Using this design, the ratio of dishonest miners required to tamper with the ledger becomes $51/4 = 12.75\%$ while allowing asynchronous transaction processing. This is a great improvement but it is still not good enough to provide the same safety guarantees as Bitcoin does. We could use a single sector, however this would place greater strain on miners as they would have to validate 4 times the number of transactions before they emit a set of blocks. If we have 750kb blocks this would mean a miner has to validate $750kb \times 256 = 192mb$ of transaction data, hurting latency without providing concurrency to the system. With 4 sectors, we arrive at $750kb \times 64 = 48mb$ of transaction data which is written concurrently on each sector. Nodes listening to a single shard still require to process only 750kb of data. 

\section{Modified Green Proof-of-Work}
In order to further secure the system, we employ a modified variant of the Green Proof-of-Work model \cite{greenpow}. While also bringing the benefits of reducing the usual energy required for the mining process up to 50\%, we can leverage this model to artificially increase the hashpower required to tamper with a shard sector. In Green PoW, the mining process elapses in epochs, each consisting of two rounds. Each round represents a block appended to the chain. In the first round, all potential miners participate in finding a solution to the Proof-of-Work with the winner being elected to append the block in the first round. Then, all of the participants continue mining the same block until one or some of them find a solution. These miners are called runner-ups and are elected to mine the block in the second round. We can observe from this model that the hashpower required to append a second round block doubles as a potential attacker would have to mine the winning block from the first round along with the runnerup block. By using the same logic, we can increase the number of runnerup blocks required for a block to be mined in the second round from one to three. As such, we arrive at the same security properties as Bitcoin since we initially need 12.75\% of the hashpower to tamper with a sector and, by adjusting this parameter we increase the hashpower required to perform an attack to $12.75 \times 4 = 51\%$.

\clearpage

\section{Sequenced Proof-of-Work}
We further employ a Sequenced Proof-of-Work model in order to secure the network against tampering by powerful adversaries with access to vast resources such as state actors and centralised mining pools.

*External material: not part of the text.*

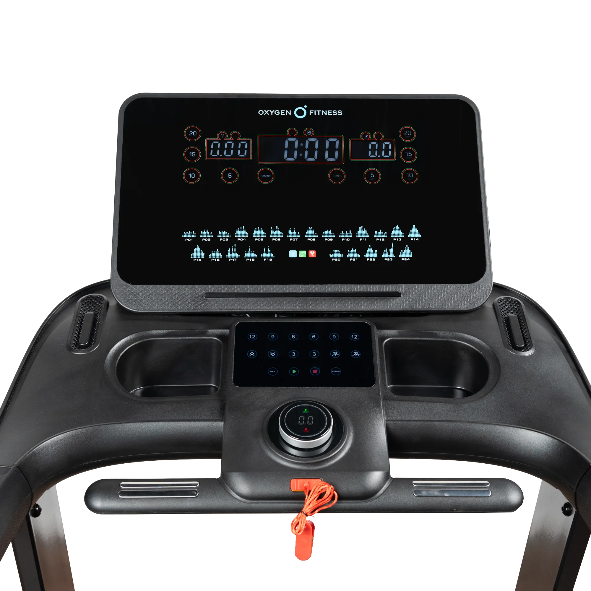 Полукоммерческая беговая дорожка OXYGEN FITNESS ARGON LED PRO – это надежный и высокопроизводительный тренажер, предназначенный как для домашнего, так и для коммерческого использования. С мощным двигателем в 3,5 л.с. (пиковая мощность 5,8 л.с.) и максимальной скоростью 22 км/ч, эта дорожка идеально подходит для интенсивных тренировок. Конструкция выполнена из высокопрочных материалов, что обеспечивает долговечность и устойчивость даже при регулярных нагрузках. Беговое полотно с антискользящим покрытием и размером 145х54 см предоставляет достаточное пространство для комфортного бега. Кроме того, система амортизации с шестью профессиональными динамическими эластомерами VCS™ снижает нагрузку на суставы, что делает тренировки более безопасными, а электронная регулировка угла наклона с 20 уровнями позволяет адаптировать нагрузку под индивидуальные потребности пользователя. Консоль с тремя LED дисплеями предоставляет полную информацию о тренировке: скорость, калории, время, дистанция, пульс и уровень наклона. Дорожка предлагает 32 программы тренировок, включая ручной режим и пульсозависимые программы, что делает каждую тренировку разнообразной и эффективной. Поддержка Bluetooth и возможность подключения к мобильным приложениям Fitshow™ и Kinomap™ позволяют следить за прогрессом и получать новые впечатления от тренировки. Беговая дорожка OXYGEN FITNESS ARGON LED PRO – идеальный выбор для тех, кто ищет сочетание качества, функциональности и современных технологий в своих тренировках. Ключевые преимущества OXYGEN FITNESS ARGON LED PRO: • высокая мощность и производительность: двигатель 3,5 л.с. обеспечивает надежную работу и быстрые результаты; • разнообразие программ: 32 предустановленные программы для тренировки по индивидуальным целям; • комфортная амортизация: система VCS™ защищает суставы и обеспечивает комфорт при беге; • современные технологии: Bluetooth-колонка и возможность подключения к мобильным приложениям для оптимизации тренировок; • удобство использования: отсеки для аксессуаров, подставка для планшета и транспортировочные ролики делают использование дорожки максимально удобным.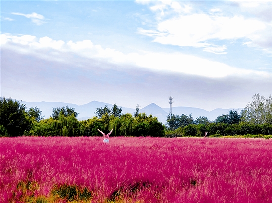 渑池县仰韶村国家考古遗址公园内,历史底蕴与浪漫秋色撞个满怀。如梦似幻的粉黛乱子草花海在秋风中泛起阵阵柔波,为古老的文明遗址披上了一层温柔的霞衣。

There are two types of Proof-of-Work algorithms: ASIC resistant and ASIC friendly algorithms. Each has drawbacks in this regard, with the ASIC resistant algorithms exposing the network to hashpower marketplace attacks while the network is young but increasing its security if many retail miners are participating and ASIC resistant algorithms being vulnerable to centralised mining pools and state actors with vast resources but otherwise protecting the network as actors investing in dedicated hardware are less likely to attack the network due to the large upfront investment on their part. As such, we will use each type of algorithm in sequence for each mining epoch. We further sequence the ASIC mining epoch with a different, deterministically random ASIC friendly algorithm, thus requiring attackers to own the majority of hashpower by means of different hardware. The algorithm used in the next epoch is determined by using Consistent Hashing on the hash of the previous block. As such, it is impossible to predict the next ASIC friendly algorithm in the sequence.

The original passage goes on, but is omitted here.